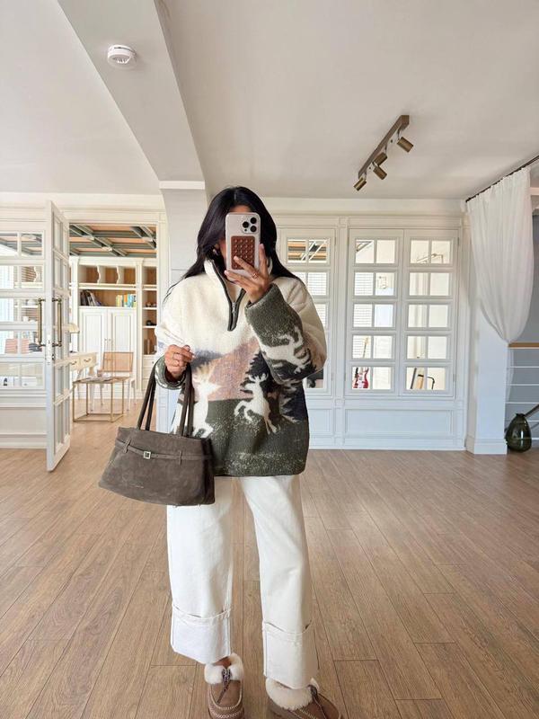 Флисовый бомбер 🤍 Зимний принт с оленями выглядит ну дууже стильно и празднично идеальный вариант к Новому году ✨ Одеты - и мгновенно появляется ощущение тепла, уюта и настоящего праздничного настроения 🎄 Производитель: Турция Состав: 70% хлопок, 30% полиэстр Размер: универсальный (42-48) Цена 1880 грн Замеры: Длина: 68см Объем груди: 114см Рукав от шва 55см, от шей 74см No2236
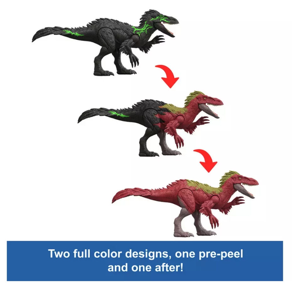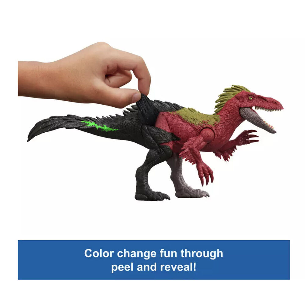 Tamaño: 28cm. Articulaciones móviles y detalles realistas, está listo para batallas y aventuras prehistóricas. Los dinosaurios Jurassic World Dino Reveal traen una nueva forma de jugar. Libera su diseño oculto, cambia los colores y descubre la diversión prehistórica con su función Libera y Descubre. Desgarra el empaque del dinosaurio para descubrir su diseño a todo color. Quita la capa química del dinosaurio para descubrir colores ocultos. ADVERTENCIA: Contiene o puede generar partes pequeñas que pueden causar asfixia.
==
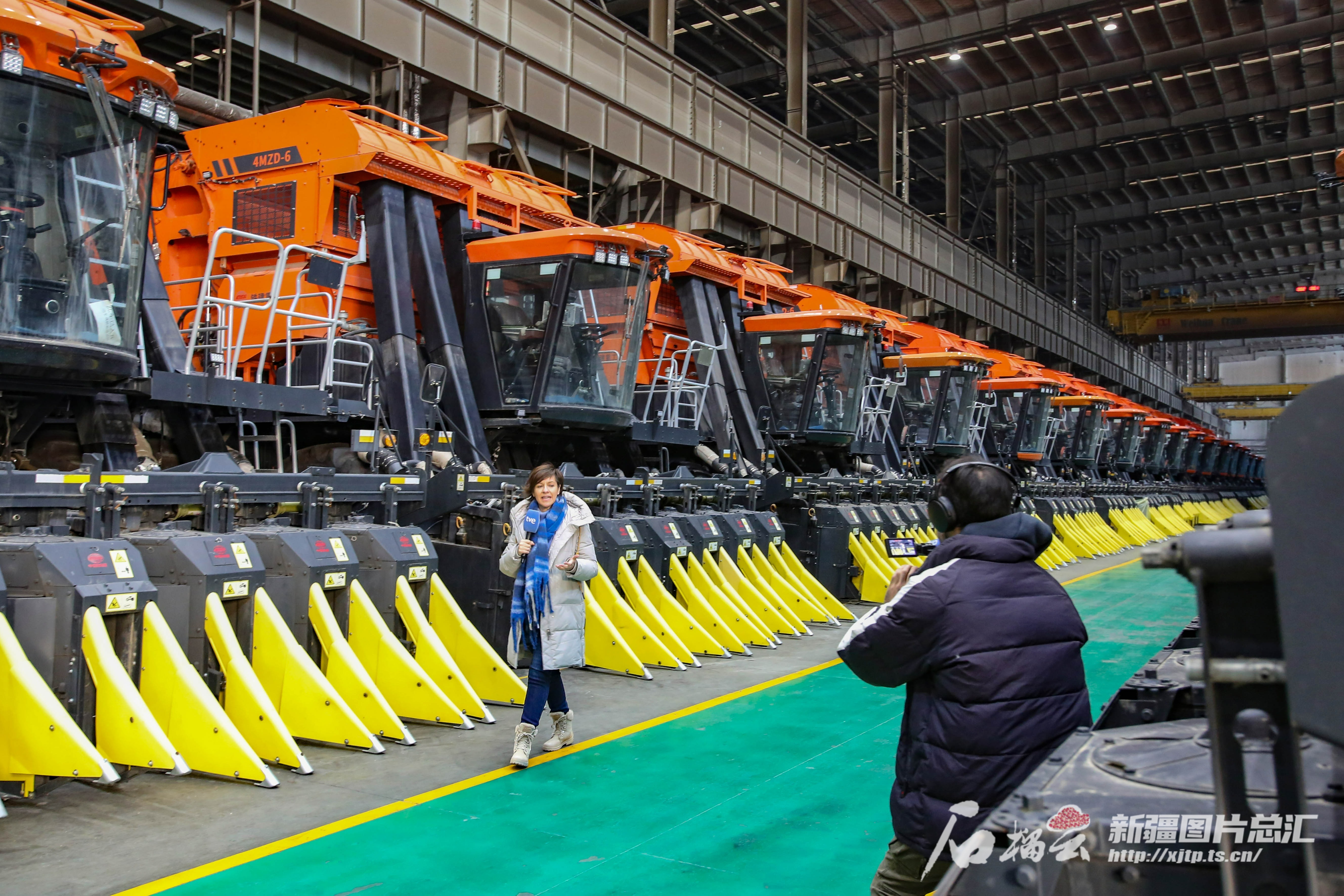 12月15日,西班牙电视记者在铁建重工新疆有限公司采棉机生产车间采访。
---
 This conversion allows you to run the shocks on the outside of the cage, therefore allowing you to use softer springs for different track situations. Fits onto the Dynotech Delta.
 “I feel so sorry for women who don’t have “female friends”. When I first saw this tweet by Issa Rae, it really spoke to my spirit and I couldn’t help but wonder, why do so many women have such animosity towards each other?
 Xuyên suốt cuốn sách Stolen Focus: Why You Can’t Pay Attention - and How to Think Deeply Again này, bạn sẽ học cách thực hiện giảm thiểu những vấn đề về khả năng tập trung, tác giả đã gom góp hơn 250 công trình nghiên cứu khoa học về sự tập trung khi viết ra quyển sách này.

▸ **EXERCISE BRIEF**
The lines above starting at the one that holds "Флисовый бомбер 🤍" and ending at the one that holds "Tamaño: 28cm. Articulaciones" are to be written out exactly, ends included, and no pictures are to be copied.

▸ **OUTPUT OF THE EXERCISE**
 Флисовый бомбер 🤍 Зимний принт с оленями выглядит ну дууже стильно и празднично идеальный вариант к Новому году ✨ Одеты - и мгновенно появляется ощущение тепла, уюта и настоящего праздничного настроения 🎄 Производитель: Турция Состав: 70% хлопок, 30% полиэстр Размер: универсальный (42-48) Цена 1880 грн Замеры: Длина: 68см Объем груди: 114см Рукав от шва 55см, от шей 74см No2236
 Tamaño: 28cm. Articulaciones móviles y detalles realistas, está listo para batallas y aventuras prehistóricas. Los dinosaurios Jurassic World Dino Reveal traen una nueva forma de jugar. Libera su diseño oculto, cambia los colores y descubre la diversión prehistórica con su función Libera y Descubre. Desgarra el empaque del dinosaurio para descubrir su diseño a todo color. Quita la capa química del dinosaurio para descubrir colores ocultos. ADVERTENCIA: Contiene o puede generar partes pequeñas que pueden causar asfixia.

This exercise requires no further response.